From 2006 until 2009, Apple ran a series of memorable TV advertisements that anthropomorphized a PC and a Mac in the forms of John Hodgman and Justin Long. Hodgman, playing the part of a PC, was dressed in a business suit, wore glasses, donned a haircut from 1985, and only broke from his mostly dull personality to get excited about making spreadsheets. Long, on the other hand, sporting a t-shirt, stylish jeans, and a quick-witted personality, portrayed Macs as the computing choice for cooler, more modern consumers.
The ads were a clever marketing technique by Apple to portray themselves as the more modern and innovative computing platform. But they also played on people's general stereotype that Mac users tend to be younger, hipper, and more tech-savvy than PC users. So we crunched the numbers at SameGrain to find out if and how Mac and PC users differ.
We found that some of the stereotypes appear to have some grain of truth - Mac users do indeed tend to be slightly younger, more liberal, and more artistic. But some of the other differences may surprise you. Check out the plot below for the full results of the analysis.
The analysis was done using hundreds of thousands of data-points about users' preferences, experiences, and demographics from SameGrain, a platform for meeting new people (primarily friends) based on what you have in common. Characteristics are listed from top to bottom by those most unique to PC users to those most unique to Mac users. The center black lines indicate how much more likely a PC/Mac user is to have that characteristic relative to a user of the other computer platform. For each characteristic, the width of the box shows the uncertainty of the likelihood (for those interested, it's the 99% confidence interval). The plot is interactive: hovering over each bar will display a popup that explicates the difference between Mac and PC users in that characteristic. For example, a PC user is 14% - 30% more likely than a PC user to have owned a Ford vehicle. The color of the bar indicates how confident we are that PC/Mac users are more likely than users of the other computer platform to have that characteristic (statistic-savvy readers will recognize this as the z-score).
It's (Mostly) All About the Benjamins
Education and Money
Many of the differences between Mac and PC users can be directly attributed to differences in the buying power of the users (or buying power as implied from education and spending habits). The data implies Mac users are more educated and affluent than PC users.
Mac users are approximately 20% more likely to have a bachelor's degree and 32% more likely to have a graduate degree than PC users. These percentages are based on polling a sample of the population (SameGrain has not collected data on every Mac or PC user), so there is an uncertainty to the measurements, which can be calculated. We can say with 99% confidence that Mac users are 12-28% and 18-45% more likely to have a bachelor's and graduate degree, respectively.

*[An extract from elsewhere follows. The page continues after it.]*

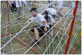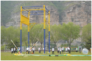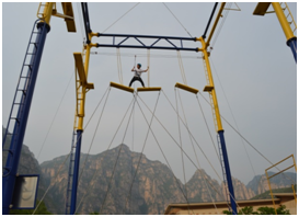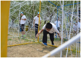 3、勇闖盤絲洞:該項(xiàng)目體現(xiàn)的是考慮問題要敢于打破固有思維模式,勇于挑戰(zhàn)新的方式方法,同樣,缺少團(tuán)隊(duì)精神也必將不能收獲成功的喜悅。這個(gè)挑戰(zhàn)項(xiàng)目看似簡單,需要隊(duì)員單獨(dú)或以合作方式快速穿越彈力繩障礙網(wǎng),進(jìn)行團(tuán)隊(duì)競賽比拼,所以在排兵布陣及前瞻性的統(tǒng)籌安排就大有學(xué)問了。在挑戰(zhàn)中,我們可以清晰的意識(shí)到,作為團(tuán)隊(duì)中的每一個(gè)個(gè)體,都深刻的影響著整個(gè)團(tuán)隊(duì)的步伐。只有每個(gè)人都盡力了,整個(gè)團(tuán)隊(duì)的力量才能夠被激發(fā),才能實(shí)現(xiàn)更高的目標(biāo)。

Education level is highly correlated with income, so it is a safe conclusion to say that Mac users are generally wealthier than PC users. The income disparity is also born out in differences in spending habits. Perhaps the most obvious example is that PC users are more likely to own domestic vehicles such as those made by Chevrolet, Ford, and Dodge, while Mac users are more likely to own foreign vehicles from BMW or Volkswagen.
There has been quite a bit of research done that suggests a correlation between a person's income and the quality of their diet and the amount of sleep they get each night, both of which are born out in the SameGrain data. Note that PC users are more likely to eat junk food and get less than 8 hours of sleep, while Mac users are more likely to eat gourmet meals and sleep for more than 8 hours. We see similar trends when comparing how users spend their disposable income; PC users are more likely to live paycheck to paycheck, while Mac users are more likely to save for a new home. This agrees with research that finds people at higher income levels are more likely to save than those in lower income brackets. This trend probably also explains why PC users are more likely to have more than 3 children - such households likely have less disposable income.
We find that Mac users tend to be slightly younger than PC users. Mac users are about 6% more likely to be under the age of 35. It's a small - but statistically significant - difference. Other differences that could be attributed to age include political affiliation (PC users are more likely to be conservative while Mac users are more likely to be liberal) and stage of career (Mac users are more likely to be just starting their career).
Some of the differences were surprising. PC users are more likely to list Family Guy as one of their favorite TV shows, not pay attention to the news, like football, and like their meat prepared well done. Mac users are more likely to prefer Coca-Cola over Pepsi, play a musical instrument, make their bed most mornings, have a gym membership, and play tennis. Some of these characteristics may be related to disposable income. If Mac users are wealthier, they may have money to spend on gym memberships and musical instruments. The popularity of video games among PC users would seem to argue against this explanation, but PCs have long held an edge over Macs among gamers.
Among the strongest characteristics of a Mac user is an affinity for art. Mac users are 25% more likely to identify art as their favorite high school subject. In fact, we find that all users who majored in art in college use Macs.